Der gescheiterte Anschlag zeigt auch nach Ansicht der estnischen Regierung, dass Russland eine Bedrohung für ganz Europa darstellt. „Dies bestätigt einmal mehr, dass Russland bereit ist, Attacken mit möglichen Opfern auf europäischem Boden und weit jenseits seiner Grenzen durchzuführen“, teilte Außenminister Margus Tshakna in Tallinn mit. Der Vorfall sei Teil eines umfassenderen Musters russischer Provokationen, die darauf abzielen, den Westen einzuschüchtern und ihn dazu zu zwingen, die Unterstützung für die Ukraine zurückzuziehen.

Regierungschef Kristen Michal schrieb auf der Plattform X: „Wir verurteilen diesen rücksichtslosen Akt aufs Schärfste. Russland hat seine hybriden Angriffe in Europa auf ein neues und gefährliches Niveau gehoben.“ Estland unterstütze alle von Deutschland ergriffenen Gegenmaßnahmen und sei bereit, gemeinsam die nächsten Schritte zu gehen.
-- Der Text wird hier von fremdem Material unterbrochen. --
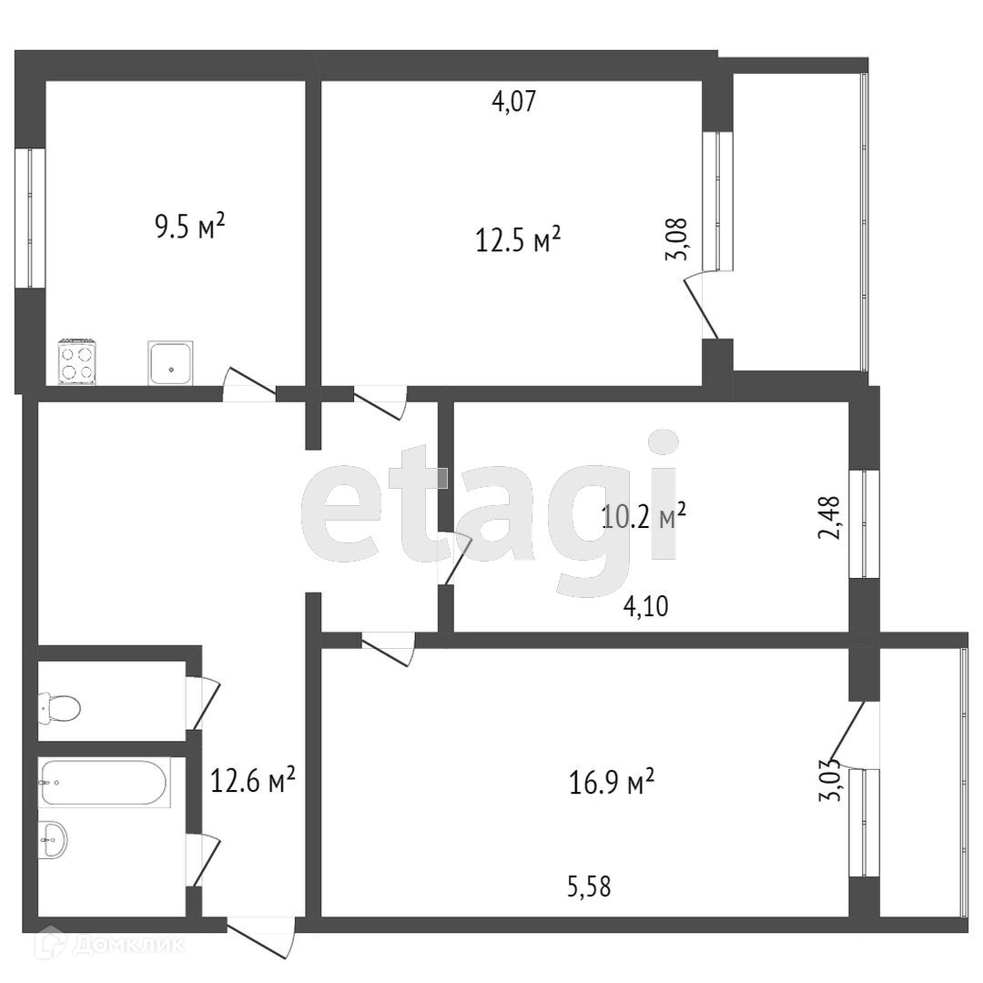 - Комнаты изолированы 16,9 кв.м., 12,5 кв.м. и 10,2 кв. м;
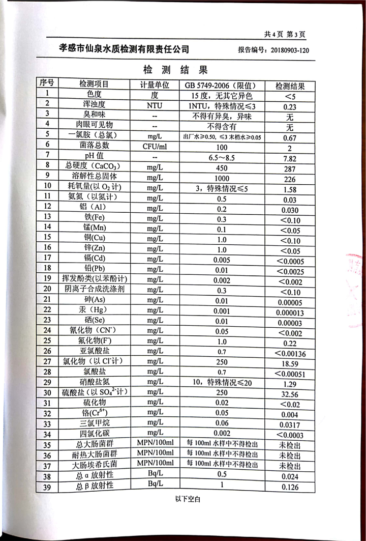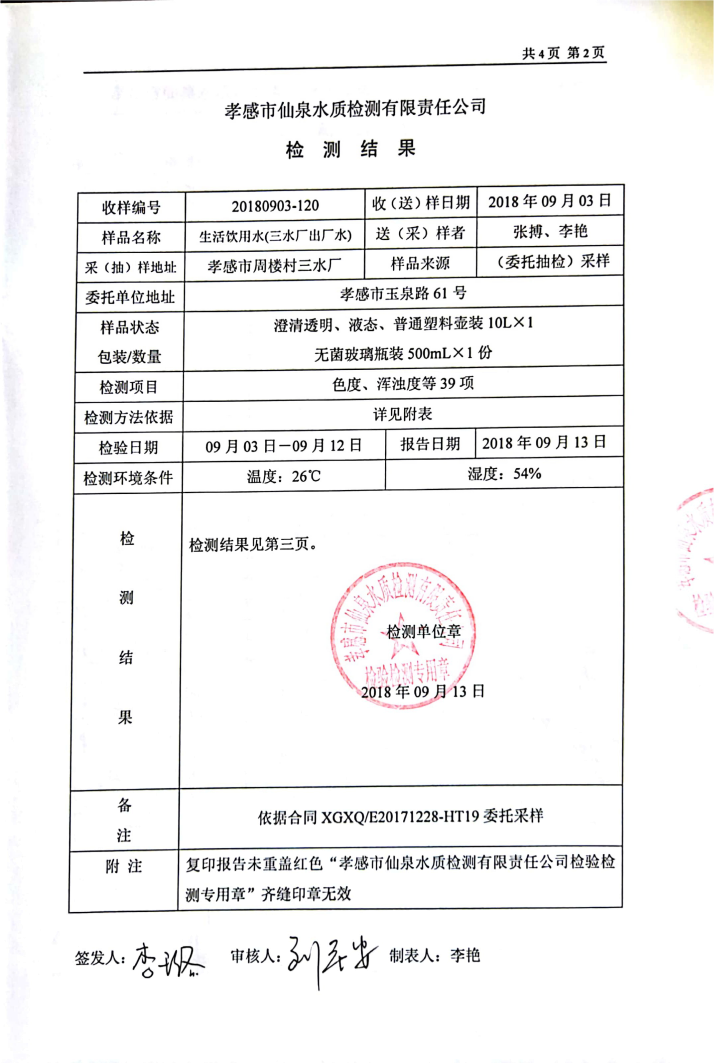 2018年9月水質(zhì)報告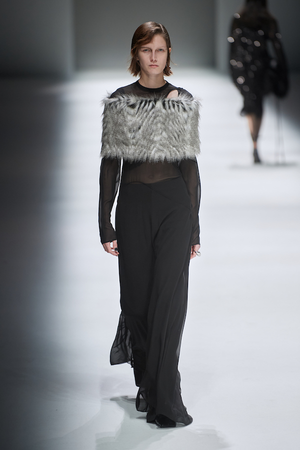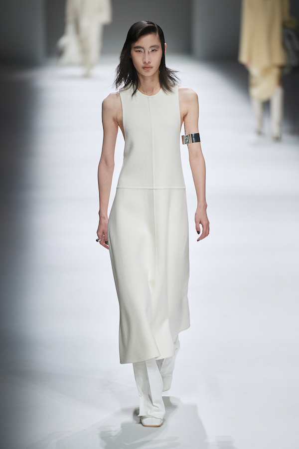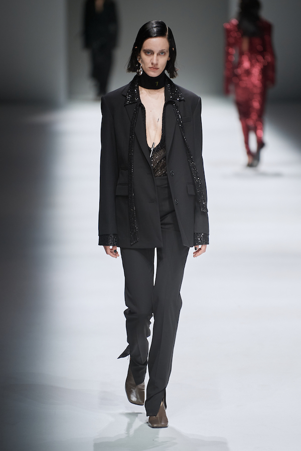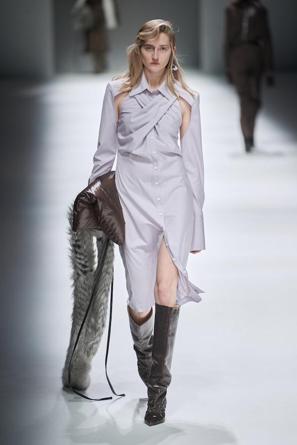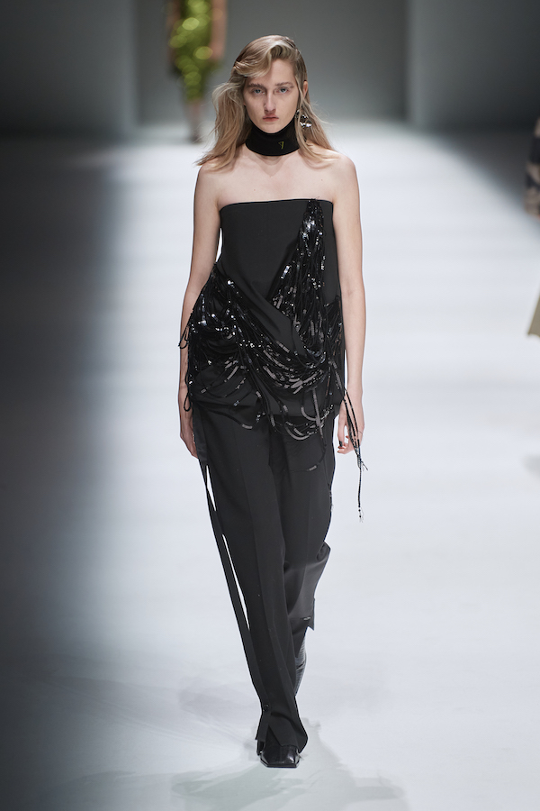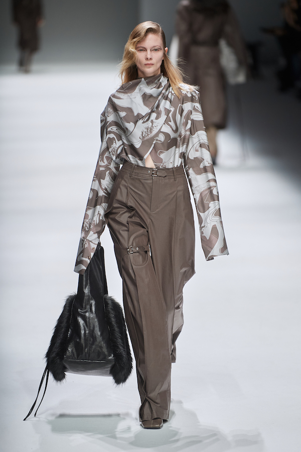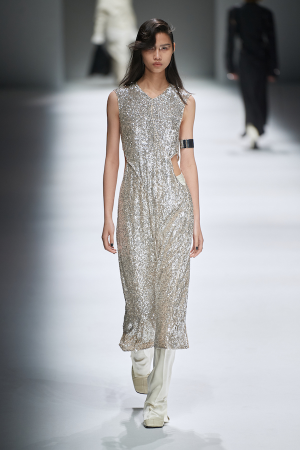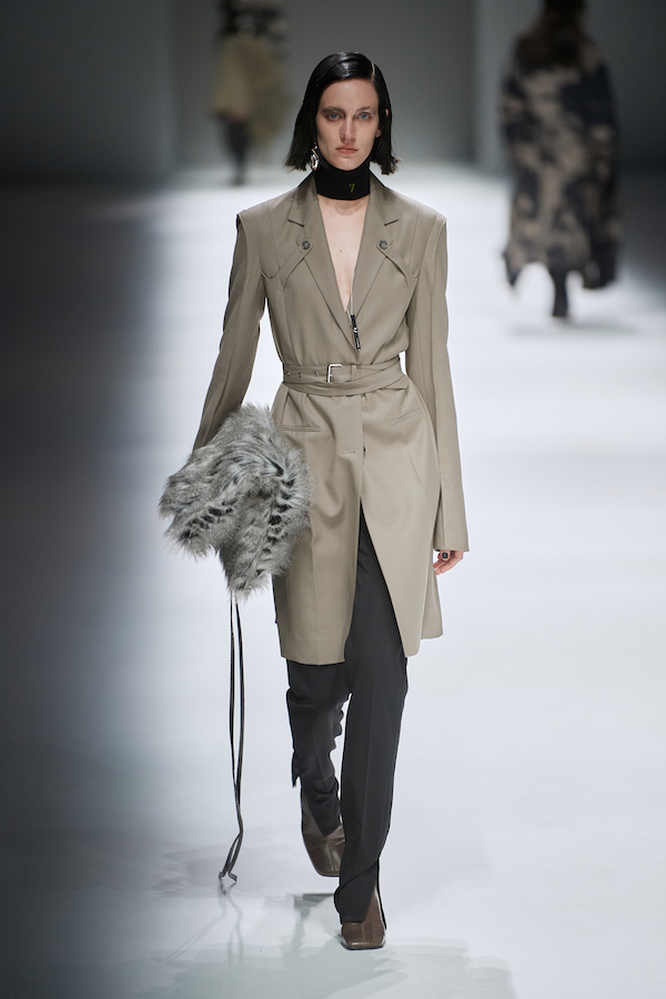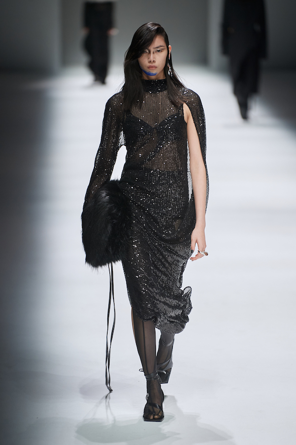 本季在色彩方面依旧延续了品牌低饱和度的用色风格,运用灯草灰搭配清浅的灰蓝色,丁香紫碰撞深摩卡棕,调和出奇妙的化学反应。水溶刺绣、珠片等品牌经典元素也有全新运用演绎。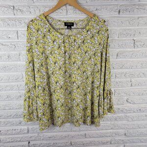 Liz Claiborne Womens Top XXL Plus 3/4 Bell Tied Sleeve Yellow Floral FLO232E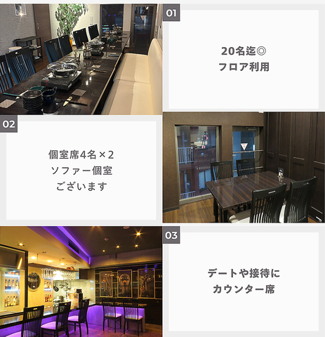 上品さとカジュアルさが調和した店内は、普段使いから、デートや記念日にもオススメの空間です!完全個室や半個室を複数ご用意しております。ご友人とのお食事や会社の宴会、大切な人との時間を過ごすのにも最適です。お一人様でのご利用も大歓迎◎ご予約はお早めに【プロジェクター完備、団体30名迄可能、貸切15名~】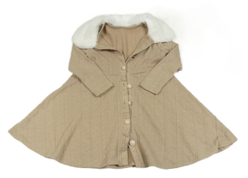 Béžové vzorované prepínaci šaty s kožušinovým golierikom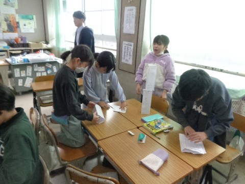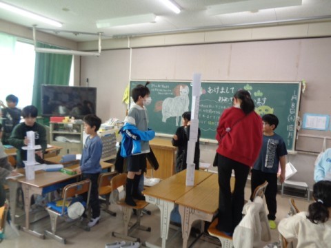 4年生が,ペーパータワーを高く積み上げるゲームをしていました。

Die Antwort müsse mehr Unterstützung für die Ukraine und mehr Druck auf Russland sein, betonte er.

„Frankreich steht Deutschland voll und ganz zur Seite und unterstützt die Einführung neuer europäischer Sanktionen gegen Russland“, kommentierte wiederum der französische Staatspräsident Emmanuel Macron. „Angesichts dieser Eskalation müssen wir vereint, entschlossen sein und unsere Unterstützung für die Ukraine verstärken. Frankreich wird weiterhin seinen vollen Beitrag dazu leisten.“

„Österreich steht in voller Solidarität an der Seite der Freunde und Partner in Deutschland nach dem russischen hybriden Angriff am Flughafen Leipzig“, schrieb auch der österreichische Bundeskanzler Christian Stocker auf X. „Versuche, ein Mitglied der Europäischen Union zu destabilisieren oder einzuschüchtern, werden nicht erfolgreich sein und auf eine vereinte Reaktion stoßen. Wir werden gemeinsam daran arbeiten, unsere europäische Resilienz zu stärken.“

Auch Italiens Ministerpräsidentin Giorgia Meloni äußerte volle Solidarität mit der deutschen Reaktion: „Italien steht in voller Solidarität mit Deutschland nach dem russischen hybriden Angriff in Leipzig. Die Sicherheit unserer Verbündeten ist die Sicherheit von uns allen. Versuche, uns einzuschüchtern oder einen Keil zwischen Verbündete zu treiben, werden nicht erfolgreich sein“, schrieb sie auf X.

In Zeiten wie diesen sei es unerlässlich, standhaft zu bleiben, eng zusammenzuarbeiten und eine glaubwürdige Abschreckungshaltung zur Verteidigung der Sicherheit aufrechtzuerhalten.